Cite as: https://hdl.handle.net/11858/00-001M-0000-0018-D0ED-F
Abstract
All of the work presented in this thesis grew out of collaborations with other researchers. For each chapter, I brie y summarize my contribution and acknowledge the contributions of others. Chapter 2 represents a conceptual framework for modeling read counts using various distributions. These ideas grew out of conversations with Ho-Ryun Chung at the Max Planck Institute for Molecular Genetics (MPIMG) in Berlin and Simon Anders at the European Molecular Biology Laboratories (EMBL) in Heidelberg. Chapter 3 was published in Statistical Applications in Genetics and Molecular Biology [1]. The idea for detecting copy number variants in exome-enriched sequencing data was proposed by Stefan Haas and with Alena van Bommel various methods were tested and evaluated.

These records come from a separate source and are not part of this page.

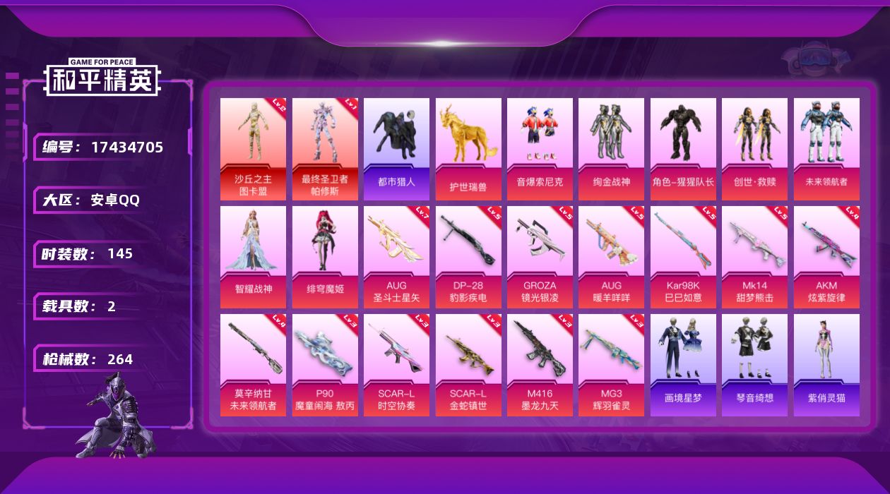 [17434705]【特价出售/店主推荐】安卓 手Q-2神装-7粉装-16特效枪-2载具-10粉色飞行器-82536热力值-14王牌印记-145套装-264枪皮
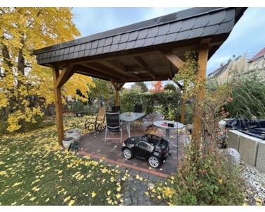 Das ca. 410 m² große Grundstück bietet eine echte Gartenidylle mit ausreichend Platz für die ganze Familie. Der rückwärtige Garten lädt zur Erholung ein – genießen Sie hier die Sonne oder gesellige Stunden mit Ihren Liebsten. Highlight des Gartens sind ein unterirdischer, im Dunkeln beleuchteter Pool, ein stimmungsvoll illuminiertes Pavillon, ein Brunnen, eine Regenwasserzisterne sowie Solarplatten. Zusätzlich ist der Garten mit einem Rasensprenkler ausgestattet, der bequem per Fernbedienung gesteuert werden kann. Ergänzend zur Doppelhaushälfte steht eine geräumige, ca. 50 m² große Garage zur Verfügung, ideal für Fahrzeuge, Fahrräder, Gartengeräte oder als Hobbyraum/Werkstatt. Ein weiterer Außenstellplatz rundet das Angebot ab.
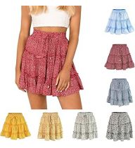 Short Pleated Skirts for Women High Wasited A-Line Floral Mini Skirt Flowy Beach Vacation Skirt Dressy Layered Skorts
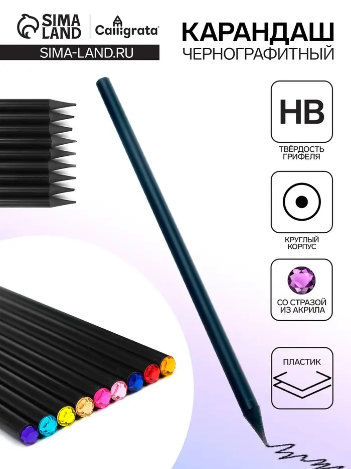 Карандаш чернографитный твёрдость НВ, корпус чёрный, заточенный, со стразой из акрила, МИКС — прекрасное сочетание выгодной цены и высочайшего качества. Прочный графитовый стержень не ломается и не крошится, а деревянный корпус легко затачивается.
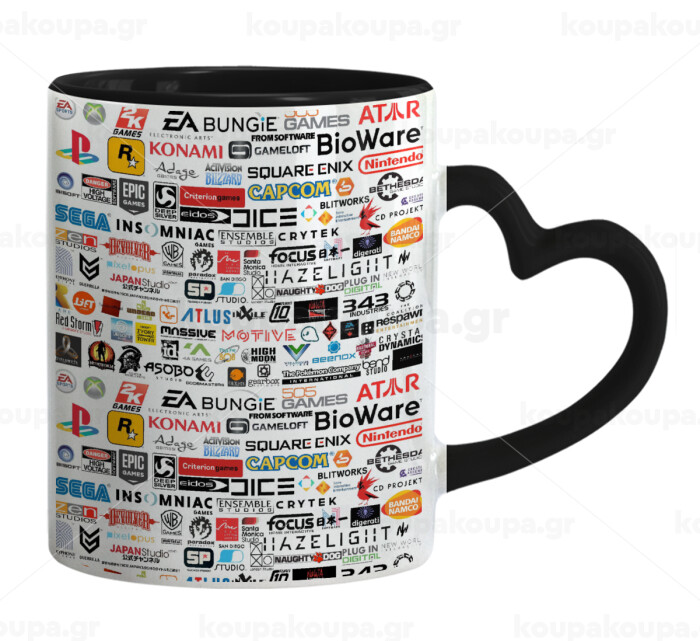 Video Game Studio Logos, Mug heart black handle, ceramic, 330ml
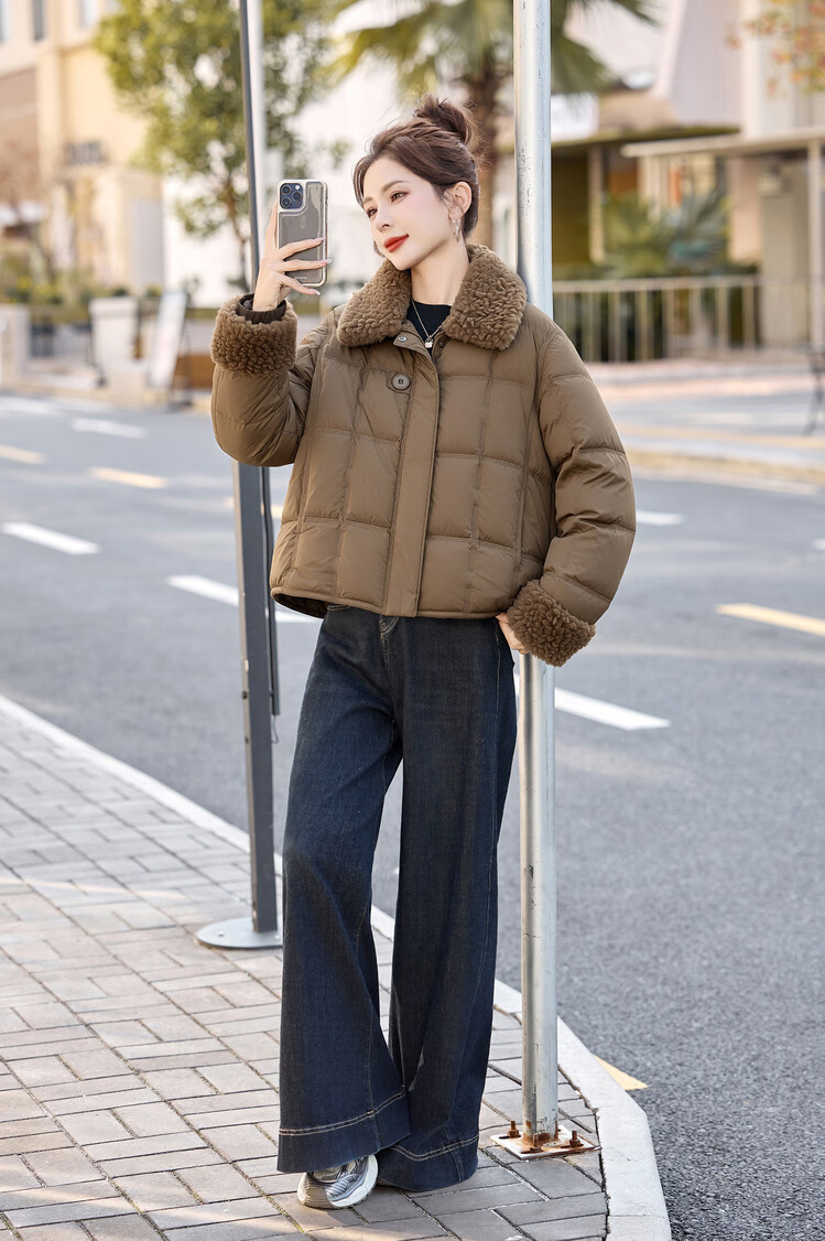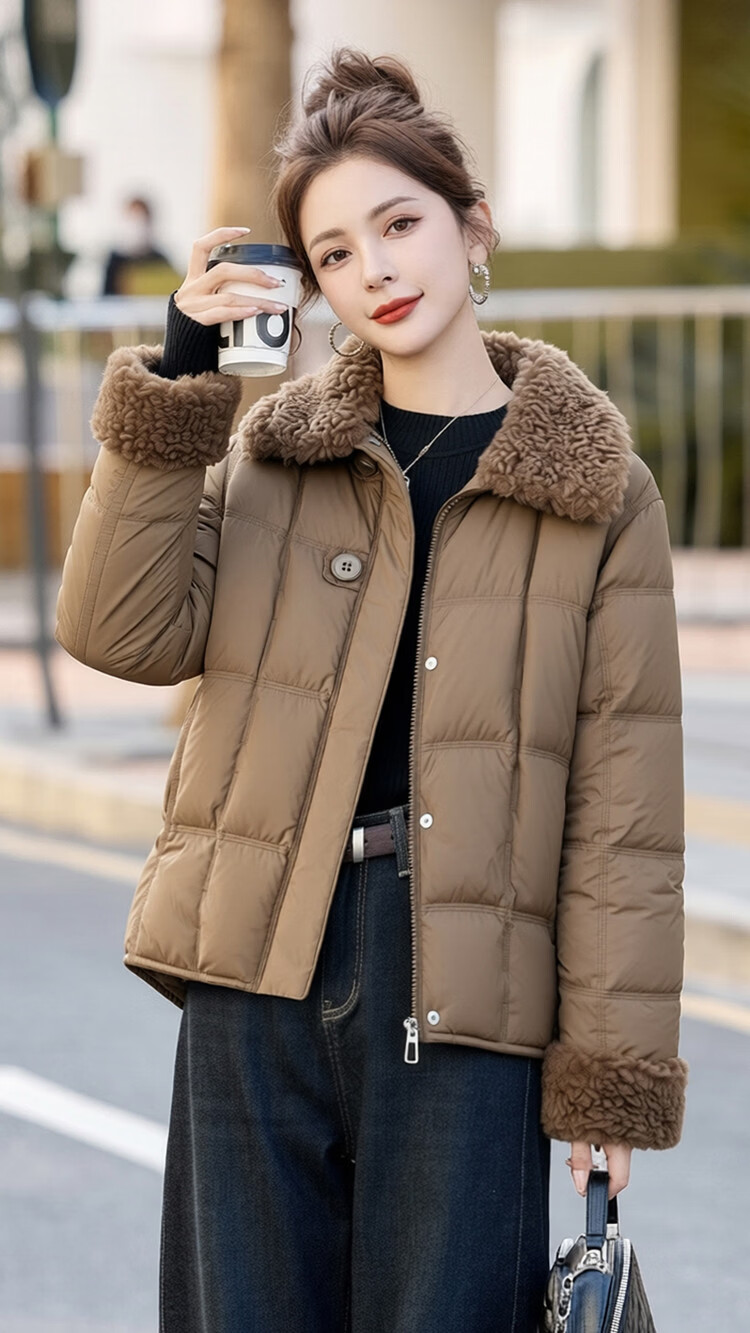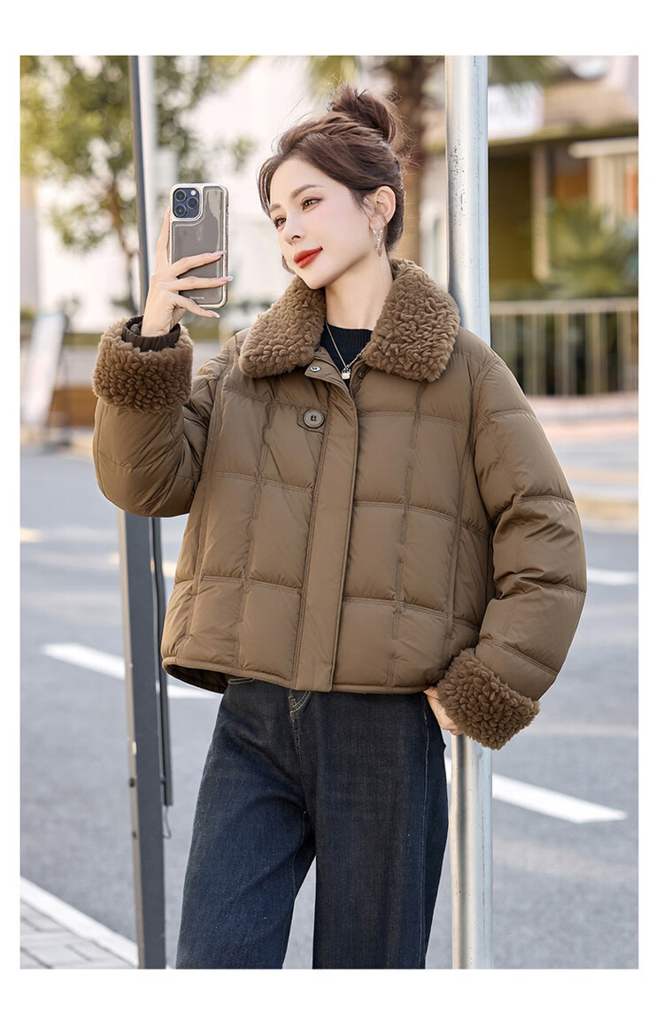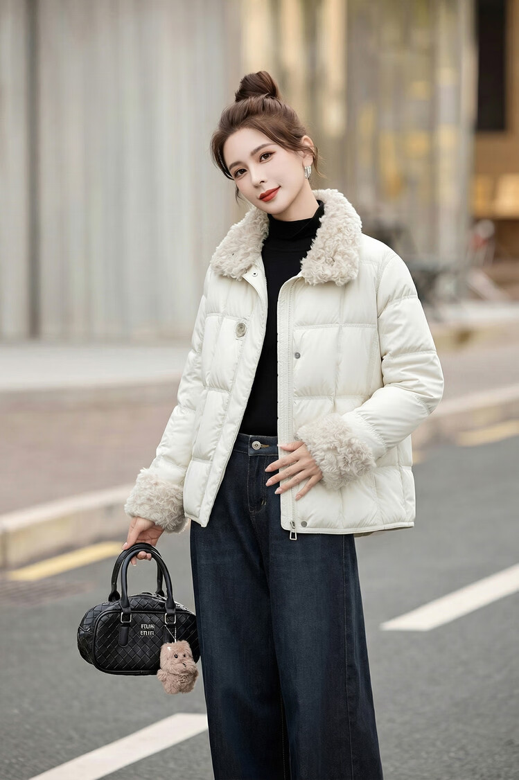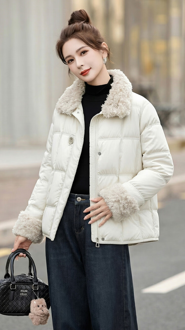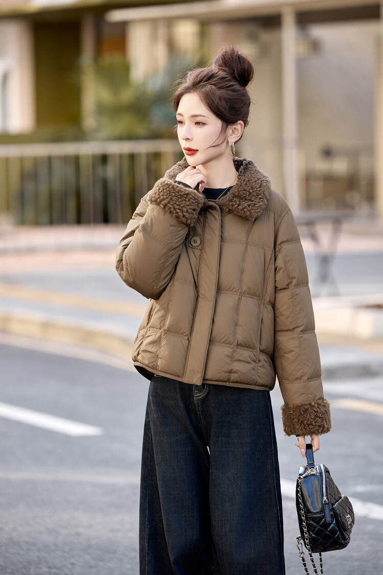 Hengyuan Xianggan super good-looking down jacket women's short 2026 winter new style small thickened warm white duck down jacket beige L

My contribution was developing the hidden Markov model, implementing the software and testing the performance. I wish to acknowledge the X-linked intellectual disabilities project team at MPIMG including H.-Hilger Ropers, Vera Kalscheuer, Ruping Sun, Anne-Katrin Emde, Wei Chen, Hao Hu and Tomasz Zemojtel, who provided helpful discussions. Chapter 4 resulted from a 5 month visit to the group of Wolfgang Huber at EMBL in Heidelberg. Simon Anders proposed the idea of incorporating priors for dispersion and log fold change into the DESeq framework. My contribution was to implement these new statistical methods as a new package DESeq2, with closer integration with core Bioconductor packages. I would like to acknowledge all the members of the Huber group for helpful discussions. Chapter 5 resulted from a collaboration with the Transcriptional Regulation Group of Sebastiaan Meijsing at the MPIMG. I would like to thank Stephan Starick who initially proposed to investigate the interaction between glucocorticoid receptor and the chromatin landscape. My contribution was the statistical analysis presented in the chapter. Sebastiaan Meijsing provided valuable feedback during the evolution of the project. I wish to acknowledge the contributions of Morgane Thomas-Chollier, Katja Borzym, Sam Cooper and Ho-Ryun Chung.